> **Exercise objective**
Below are lines of records; copy exactly those from the one containing "一個(gè)小時(shí)之" through the one containing "The Cathedral of", leaving the pictures behind.

> **Dataset excerpts**
▶

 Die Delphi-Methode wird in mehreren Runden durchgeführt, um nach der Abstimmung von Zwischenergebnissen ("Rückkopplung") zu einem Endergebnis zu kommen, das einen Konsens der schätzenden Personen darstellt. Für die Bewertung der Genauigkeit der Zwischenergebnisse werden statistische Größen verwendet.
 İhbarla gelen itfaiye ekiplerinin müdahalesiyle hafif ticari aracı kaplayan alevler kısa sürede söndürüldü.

◀
▶

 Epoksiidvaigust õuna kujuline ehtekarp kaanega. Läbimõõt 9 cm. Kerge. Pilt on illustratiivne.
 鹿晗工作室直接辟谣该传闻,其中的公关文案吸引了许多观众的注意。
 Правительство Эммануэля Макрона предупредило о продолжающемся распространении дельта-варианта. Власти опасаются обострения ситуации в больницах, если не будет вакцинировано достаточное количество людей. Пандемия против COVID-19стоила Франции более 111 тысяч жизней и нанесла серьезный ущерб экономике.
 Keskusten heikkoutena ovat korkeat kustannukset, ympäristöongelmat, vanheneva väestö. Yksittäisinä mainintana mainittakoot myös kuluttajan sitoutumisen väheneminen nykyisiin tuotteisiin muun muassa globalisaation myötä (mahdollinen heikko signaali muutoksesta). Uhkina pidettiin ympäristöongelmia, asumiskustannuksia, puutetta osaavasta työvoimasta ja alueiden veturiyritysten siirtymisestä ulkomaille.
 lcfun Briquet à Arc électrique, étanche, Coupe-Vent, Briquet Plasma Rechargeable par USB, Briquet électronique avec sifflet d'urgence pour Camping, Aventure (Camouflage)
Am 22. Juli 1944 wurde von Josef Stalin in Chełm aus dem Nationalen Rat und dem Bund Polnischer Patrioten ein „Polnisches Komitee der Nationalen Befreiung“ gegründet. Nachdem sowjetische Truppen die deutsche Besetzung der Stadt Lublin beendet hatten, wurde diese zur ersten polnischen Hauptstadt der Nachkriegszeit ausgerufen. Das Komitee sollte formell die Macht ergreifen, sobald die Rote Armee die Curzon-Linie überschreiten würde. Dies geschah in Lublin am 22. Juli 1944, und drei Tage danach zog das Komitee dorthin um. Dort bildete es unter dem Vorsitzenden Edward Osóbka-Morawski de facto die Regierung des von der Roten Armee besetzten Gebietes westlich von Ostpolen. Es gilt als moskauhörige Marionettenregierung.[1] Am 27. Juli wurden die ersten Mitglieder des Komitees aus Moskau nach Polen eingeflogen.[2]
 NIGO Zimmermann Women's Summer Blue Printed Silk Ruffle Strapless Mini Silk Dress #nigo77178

◀
▶

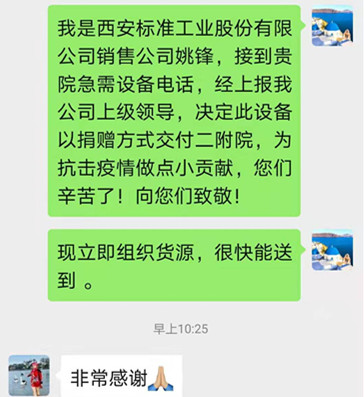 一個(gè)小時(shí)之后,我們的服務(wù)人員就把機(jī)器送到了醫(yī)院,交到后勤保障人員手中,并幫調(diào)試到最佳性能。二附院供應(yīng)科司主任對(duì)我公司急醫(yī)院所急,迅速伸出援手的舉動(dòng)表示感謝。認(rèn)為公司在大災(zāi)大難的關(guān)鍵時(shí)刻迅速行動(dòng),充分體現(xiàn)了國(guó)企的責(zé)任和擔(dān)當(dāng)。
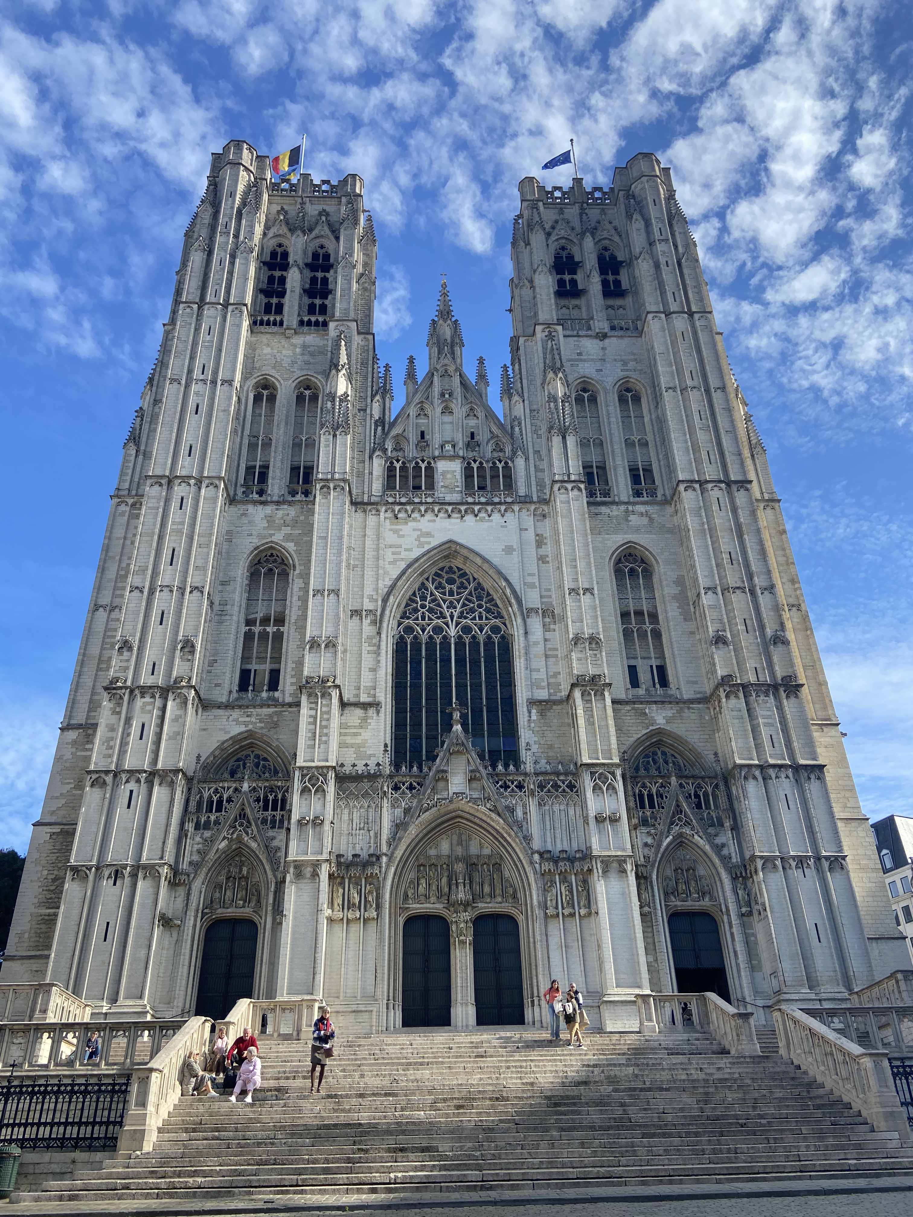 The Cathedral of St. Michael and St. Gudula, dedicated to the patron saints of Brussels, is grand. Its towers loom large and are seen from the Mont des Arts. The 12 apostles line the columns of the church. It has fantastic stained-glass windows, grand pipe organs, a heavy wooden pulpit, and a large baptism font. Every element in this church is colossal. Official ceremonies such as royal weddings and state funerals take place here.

◀

> **Task result**
 一個(gè)小時(shí)之后,我們的服務(wù)人員就把機(jī)器送到了醫(yī)院,交到后勤保障人員手中,并幫調(diào)試到最佳性能。二附院供應(yīng)科司主任對(duì)我公司急醫(yī)院所急,迅速伸出援手的舉動(dòng)表示感謝。認(rèn)為公司在大災(zāi)大難的關(guān)鍵時(shí)刻迅速行動(dòng),充分體現(xiàn)了國(guó)企的責(zé)任和擔(dān)當(dāng)。
 The Cathedral of St. Michael and St. Gudula, dedicated to the patron saints of Brussels, is grand. Its towers loom large and are seen from the Mont des Arts. The 12 apostles line the columns of the church. It has fantastic stained-glass windows, grand pipe organs, a heavy wooden pulpit, and a large baptism font. Every element in this church is colossal. Official ceremonies such as royal weddings and state funerals take place here.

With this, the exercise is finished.